As Arctic warms, scientists rethink culprits
Some say efforts to stem global warming should focus first on gases other than carbon dioxide.
In its effort to curb global warming, a three-year-old international pact aimed at cutting carbon-dioxide emissions may be focusing on the wrong chemical villain - at least in the short term.
As the 1997 Kyoto accords bog down - primarily over disagreements within industrialized countries over how to dramatically reduce carbon-dioxide (CO2) emissions by 2012 - new research indicates that the world can make just as much progress by limiting other greenhouse gases, such as methane, ozone, and chlorofluorocarbons.
Findings by James Hanson, a NASA scientist whose Jeremiah-like warnings about global warming helped lay the foundation for the Kyoto Protocols, and several colleagues show that controlling these other gases first may be a more effective - and in the short run, more painless - approach to slowing climate change.
Though less abundant than CO2, these other gases have combined to warm the atmosphere just as much as all the carbon-dioxide human activities of the past 150 years, the scientists say. Their conclusion: Activities that produced these other heat-trapping gases have been "the primary drive for climate change in the past century."
The study, published in the current issue of the Proceedings of the National Academy of Science, comes as the United States and 100 Kyoto signatories prepare for meetings over the next few months to iron out unresolved issues in the pact. One sticking point centers on achieving the goals without sending industrial nations - the world's major C02 producers - into an economic tailspin.
The study also coincides with growing evidence that Earth's climate is indeed changing in ways scientists have predicted - particularly in the Arctic, which is thought to be a bellwether region.
*This month, a team of researchers from four US universities published a survey of polar environmental studies conducted during the past 30 years. Among its findings: Evidence suggests that temperatures in the Arctic are at their warmest in 400 years.
*Last week, passengers on a Russian icebreaker reported finding a mile-wide stretch of open water - in place of the ice cap - at the North Pole.
In and of itself, that is no surprise, although it dramatizes the global-warming phenomenon. "In an ice pack, there will always be some open water" this time of year - even at the North Pole, says Donald Perovich, who studies the links between polar ice and climate at the US Army Corps of Engineers' Cold Regions Research and Engineering Laboratory in Hanover, N.H.
*The polar ice cap has lost 40 percent of its volume in the decades since 1958, according to a study issued in December.
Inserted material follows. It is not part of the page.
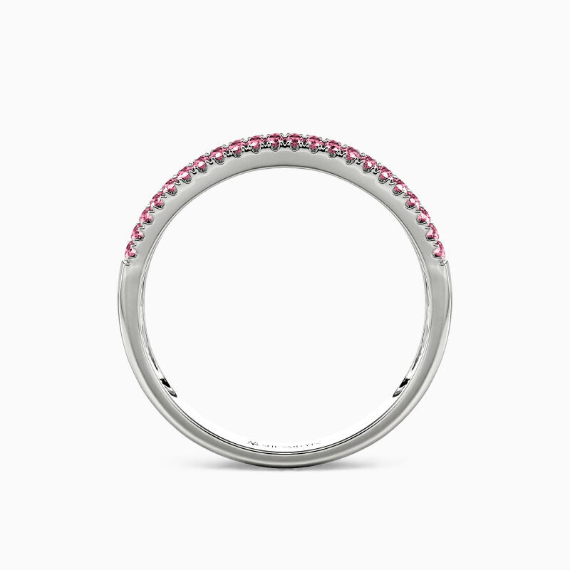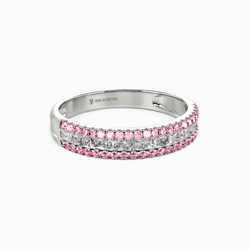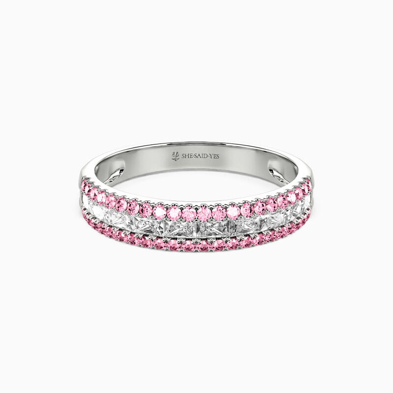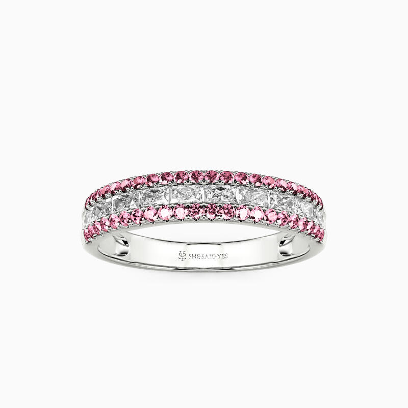 On your special day, this classic wedding band coordinating creates a spectacular ensemble with your engagement ring. A row of emerald-cut stone in a channel setting shines with two rows of surrounding round-cut stones. The brilliance of this beauty will light up your hand and glamour. Show off your high voltage sparkle with this classic band.

Polar researcher Drew Rothrock and colleagues compared ice soundings - taken by US Navy submarines between 1958 and 1976 - with soundings taken during scientific sub cruises from 1993 to 1997.
Researchers are concerned about warm Arctic temperatures and melting polar ice for several reasons.
Globally, the injection of cold, fresh water into the North Atlantic could slow the "conveyer belt" that shuttles waters between the North Atlantic and the equator. In the usual circulation pattern, currents bring cold, nutrient-rich water to the surface near the equator, warm it and convey it north, where it cools, freshens, sinks, and flows south again.
This circulation in the North Atlantic is a key driver behind currents that flow all the way into the Pacific. If it changes, the effects would be felt worldwide as fisheries changed locations and regional climate patterns shifted with the currents. British researchers have calculated, for example, that if the Gulf Stream were shut off - its terminus driven far enough south or its circulation slowed - average temperatures in Britain would drop 5 degrees Celsius. Norway's temperatures would fall 10 degrees.
Locally, the loss of ice cover means loss of habitat for many of the animals the Inuit rely on for food, as well as increased storminess as larger areas of the Arctic are exposed to evaporation. It also may stir international battles over navigation rights, as Canada's Northwest Passage remains ice-free for longer periods of time. Shipowners eager to save money and time may seek to route their freighters and tankers across northern Canada instead of through the Panama Canal.
Against this backdrop of politics, economic, and climate signals, Dr. Hanson and colleagues from Columbia and Rutgers Universities suggest that carbon dioxide hasn't been as influential in climate change as first thought. Newer analytical techniques and computer models have revised the researchers' assessment of the heat-trapping ability of non-CO2 greenhouse gases.
While the need to control CO2 remains, the quickest progress can be made by controlling non-CO2 gases.
Although methane, CFCs, and gases such as ozone and nitrous oxide are more potent greenhouse gases, they make up a smaller portion of the atmosphere than CO2 and hence should be easier to control.
The two largest sources of human-related methane come from rice fields and cattle. The team holds that changing irrigation and fertilization systems in rice fields and altering the diet of cattle will reduce methane emissions from those sources. In the process, lower methane levels should also reduce ozone in the lower atmosphere.